» **REQUIRED WORK**
What you return must match the data below exactly, minus any pictures.

THE DATA Start Marker

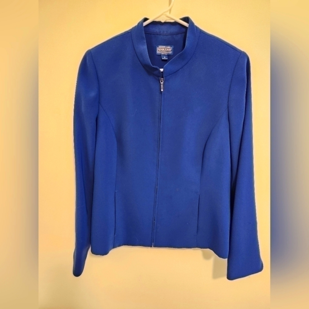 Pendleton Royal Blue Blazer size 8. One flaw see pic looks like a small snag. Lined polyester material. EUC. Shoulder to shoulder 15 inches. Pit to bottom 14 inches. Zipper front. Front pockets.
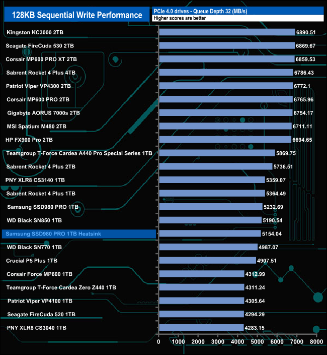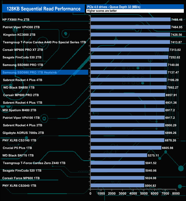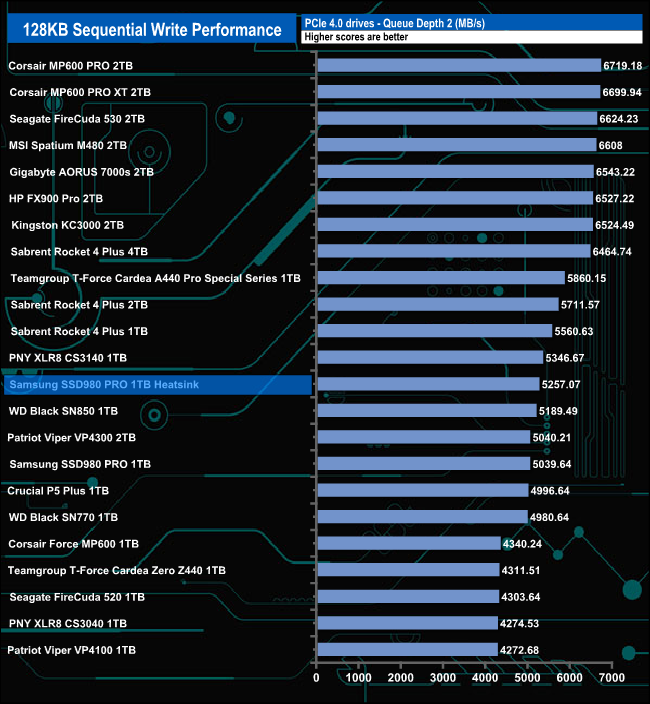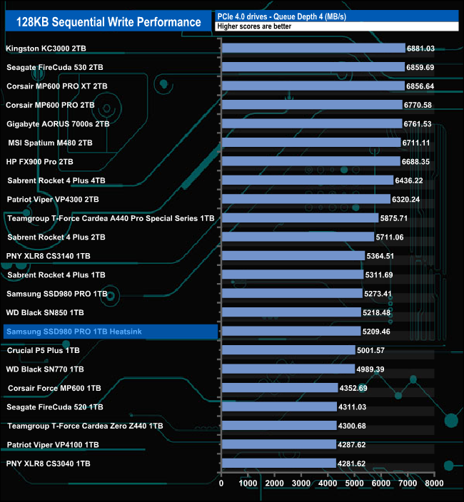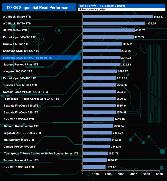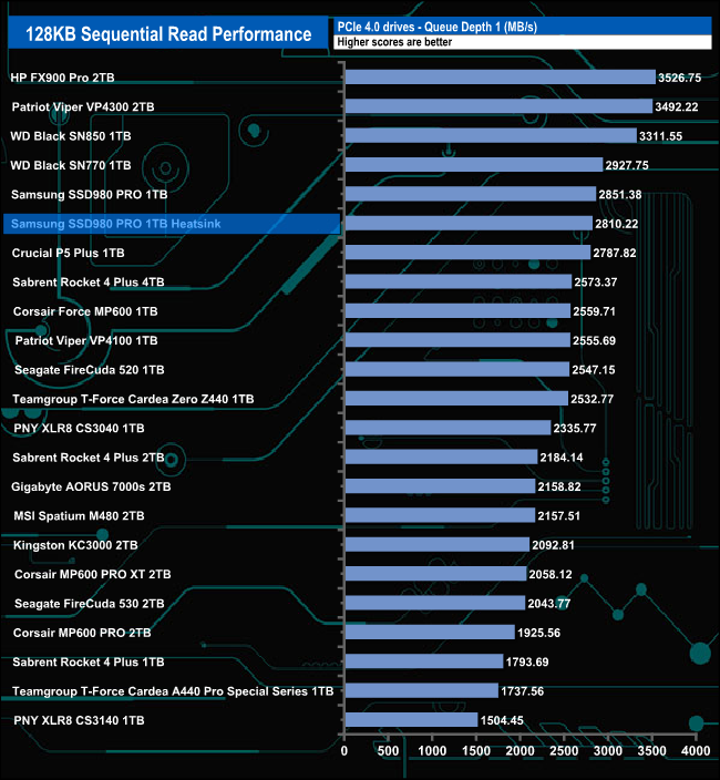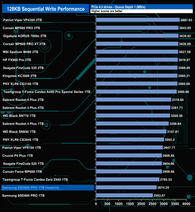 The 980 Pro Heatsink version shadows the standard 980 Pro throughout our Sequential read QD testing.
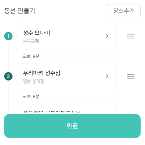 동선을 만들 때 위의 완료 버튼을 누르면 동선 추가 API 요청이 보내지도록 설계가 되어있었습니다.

THE DATA End Marker

» **SOLUTION**
 Pendleton Royal Blue Blazer size 8. One flaw see pic looks like a small snag. Lined polyester material. EUC. Shoulder to shoulder 15 inches. Pit to bottom 14 inches. Zipper front. Front pockets.
 The 980 Pro Heatsink version shadows the standard 980 Pro throughout our Sequential read QD testing.
 동선을 만들 때 위의 완료 버튼을 누르면 동선 추가 API 요청이 보내지도록 설계가 되어있었습니다.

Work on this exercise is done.